I set out to try to complete my understanding on the mapping, and wondered what would happen with other keys. It turns out, Windows goes a long length towards trying to get the ASCII code that may correspond to the keypress (in some cases quite dubious to my understanding of affairs).

All (English) alphabetic keys (from A to Z all included) get mapped to their control codes (ASCII 1 to 26). That means that if you press Ctrl-M, your program will receive a nice WM_CHAR message with the 13 code, usually corresponding to the RETURN key. Be sure to filter that if you provide Ctrl+Key mappings! It even works as a replacement to RETURN in unsophisticated programs such as notepad.
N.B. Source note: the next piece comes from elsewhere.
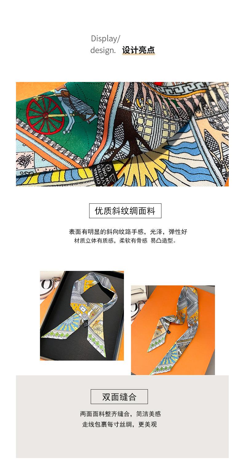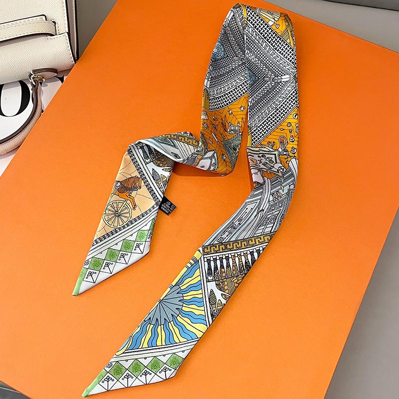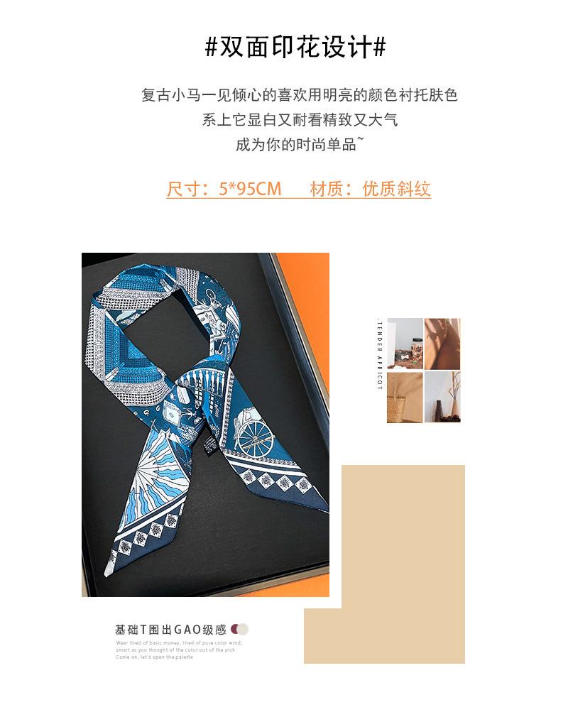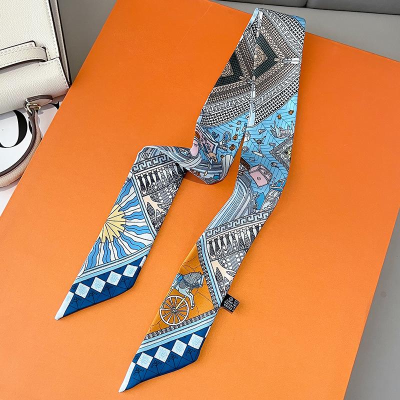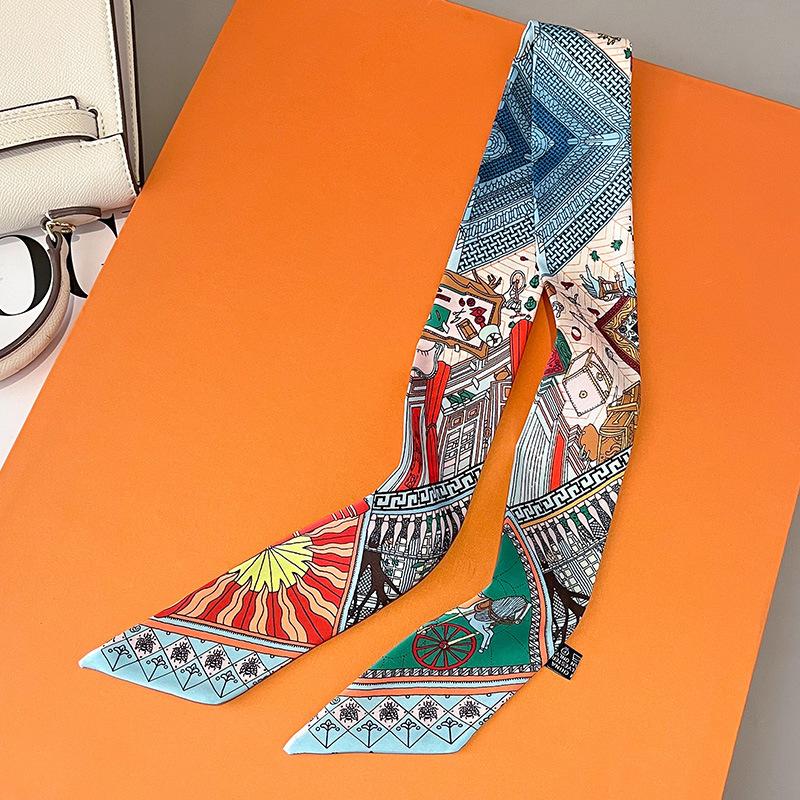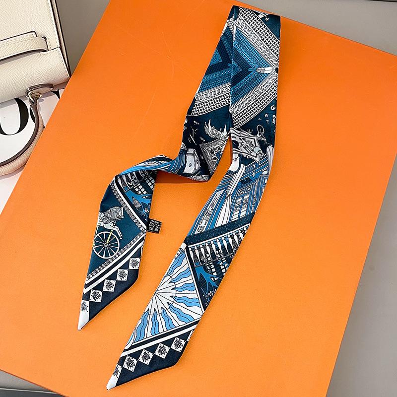 Bufanda Larga de Seda Delgada Estrecha Larga para Mujer Otoño e Invierno Nueva Lazo Asa de Bolso Pañuelo para la Cabeza Estilo Francés Cinta Pequeña Decorativa

Then I set out to find out if Windows would generate the rest of the control codes – poking around, looking at ASCII charts in more detail that I’d like to, I found out that you can generate WM_CHAR with ASCII 28 with C-\, ASCII 29 with C-], ASCII 30 with C-S-6 (which is more like C-^), and ASCII 31 with C-S-hyphen (which should be read as C-_). I usually use a non-US keyboard, for which I can tell you that the ASCII mapping is a bit lousier than for the US mapping, as the ‘\[]^’ symbols are moved around to other keys but Windows still performs the mapping as if the keyboard had US keytops, except in the case of DEADCHAR generating keys which simply behave differently…

The ASCII code 27, that is, ESC, can be both generated by the ESC key and by the C-[ combination.

And I also discovered some curious behavior: RETURN by itself generates WM_CHAR with ASCII 13, while C-RETURN generates WM_CHAR with ASCII 10. I was about not to tell you that C-S-RETURN generates no WM_CHAR, in order to get you lost if you aren’t already 🙂

And a misterious ASCII code, DEL (127), was conspicuously absent on the keyboard – the DEL key would not generate it with any combination of modifier keys. But finally I found it: while BACKSPACE generates ASCII 8 (BS), combined with the CTRL key it generates the famous ASCII 127 DEL character.

Wow… I sincerely hope someone this explanation turns out useful or interesting for anyone. I would’ve been happy to find it myself a couple of weeks ago.

With this understanding, I could finally go and map the Ctrl-R key to the Undo command, go around binding other keys, and go on. I could also comment it with geek friends and all have a good laugh. But something was still dangling in my mind. Apart from awkward, the system seemed flawed, but I could not pinpoint why.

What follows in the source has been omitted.